SAP: Segment Any 4K Panorama¶
Conference: CVPR 2026 arXiv: 2603.12759 Code: Available (Project Page) Area: Panoramic Image Segmentation Keywords: Panoramic Segmentation, SAM2, 4K High Resolution, Topology-Memory Alignment, Perspective Video Reconstruction
TL;DR¶
This paper proposes SAP (Segment Any 4K Panorama), which converts panoramic images into perspective pseudo-video sequences sampled along fixed spherical trajectories, addressing the structural mismatch of SAM2's streaming memory mechanism on 360° images. By synthesizing a 183K instance-annotated 4K panoramic dataset for fine-tuning, SAP achieves a zero-shot mIoU improvement of +17.2 on real-world panoramic benchmarks.
Background & Motivation¶
With the growing adoption of 360° cameras in robotics, AR/VR, and embodied intelligence, the demand for high-quality instance segmentation of panoramic images has increased substantially. However, existing segmentation foundation models (e.g., SAM/SAM2) face three major challenges:
- Resolution loss: SAM supports only \(1024^2\) inputs; a 4K 2:1 panorama (\(4096 \times 2048\)) is downsampled to \(1024 \times 512\) and padded, losing significant detail.

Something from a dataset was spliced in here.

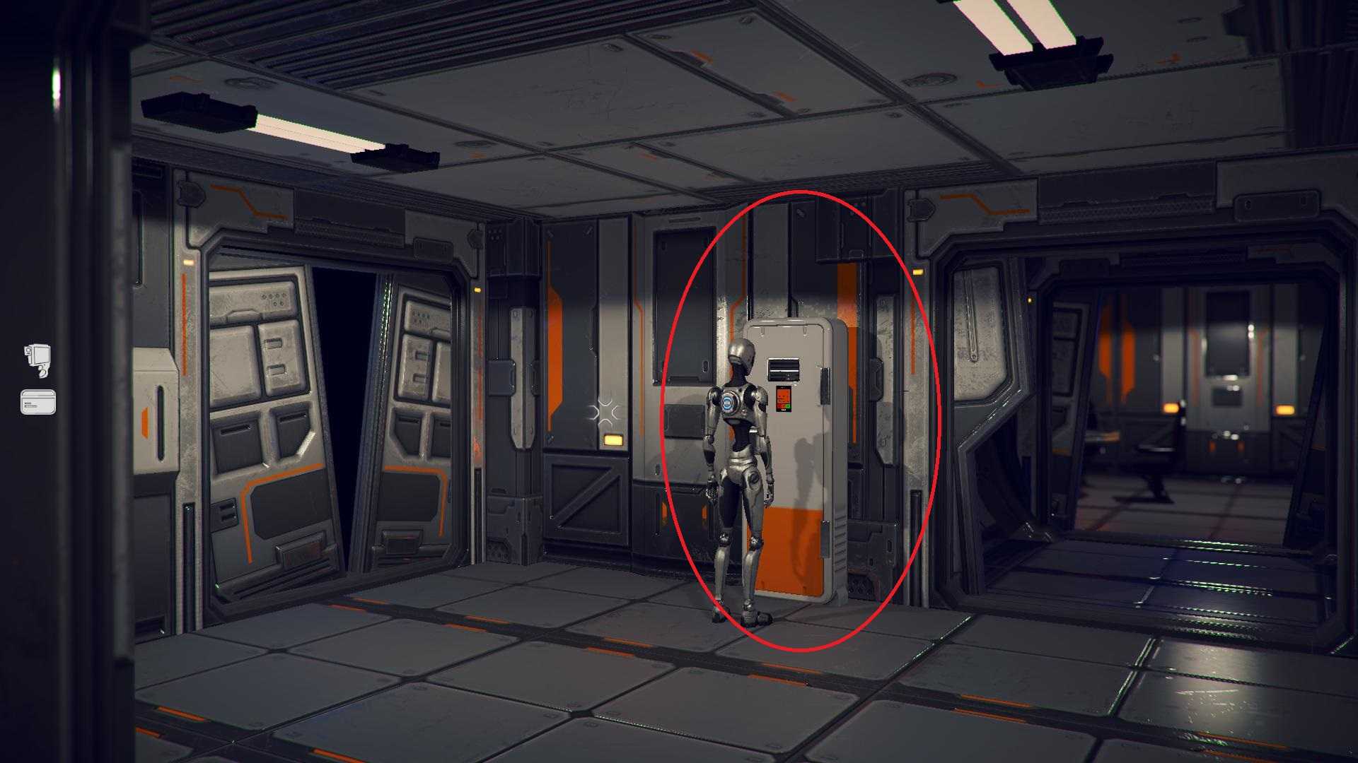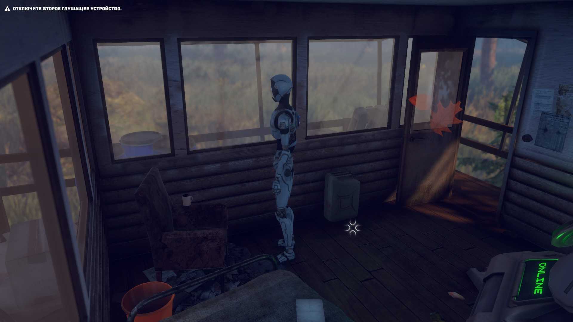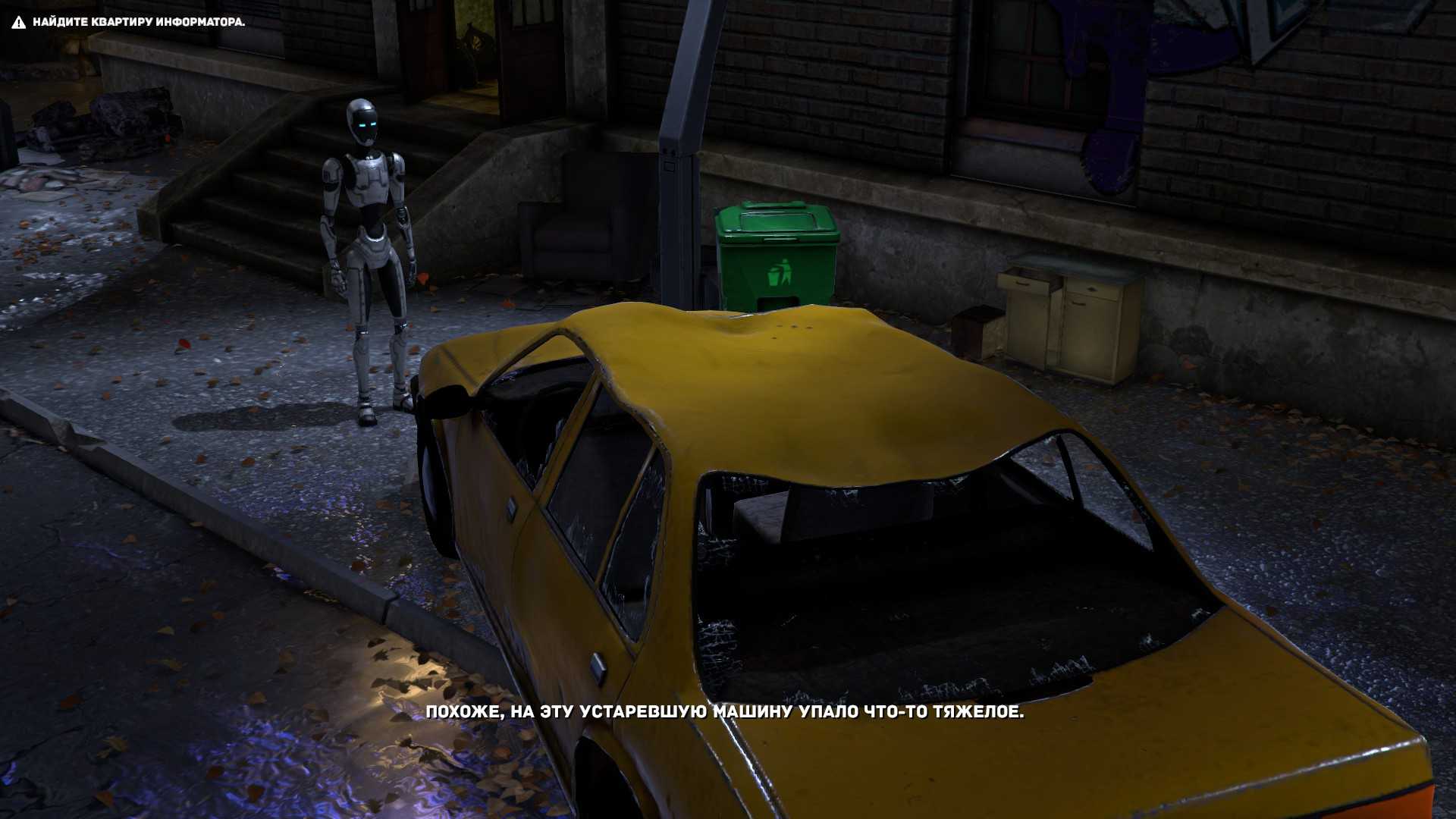 Вскоре вы окажетесь у дома информатора – полицейского робота F-2. Пройдите внутрь дома и поднимитесь на второй этаж. Видите опечатанную дверь? Изучите её, выберите все иконки. Использовать резак нельзя, поскольку сработает сигнализация.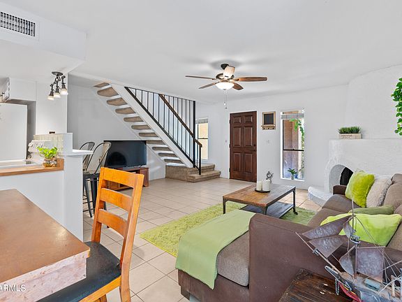 Welcome to this charming 2-bedroom, 1-bathroom townhome, ideally located for convenience and relaxation. Inside, enjoy no more popcorn ceilings, fresh paint, new ceiling fans, light fixtures, and a new shower enclosure. The high HOA fees include roof maintenance, exterior unit maintenance, roof repair and replacement, water, sewer, garbage collection, pest control, cable or satellite, front yard maintenance, and common area upkeep. A private tropical yard features rare edible trees. Extra parking is available on Peoria, and the park, playground, and pool are just a short walk away!

- Geometric distortion: Equirectangular projection (ERP) introduces severe polar distortion and left-right seam discontinuities.
- Violation of structural assumptions: SAM2's streaming memory mechanism assumes consecutive frames correspond to smooth camera motion and overlapping visual content, whereas ERP panoramas have no intrinsic temporal order—sliding-window cropping disrupts physical viewpoint continuity.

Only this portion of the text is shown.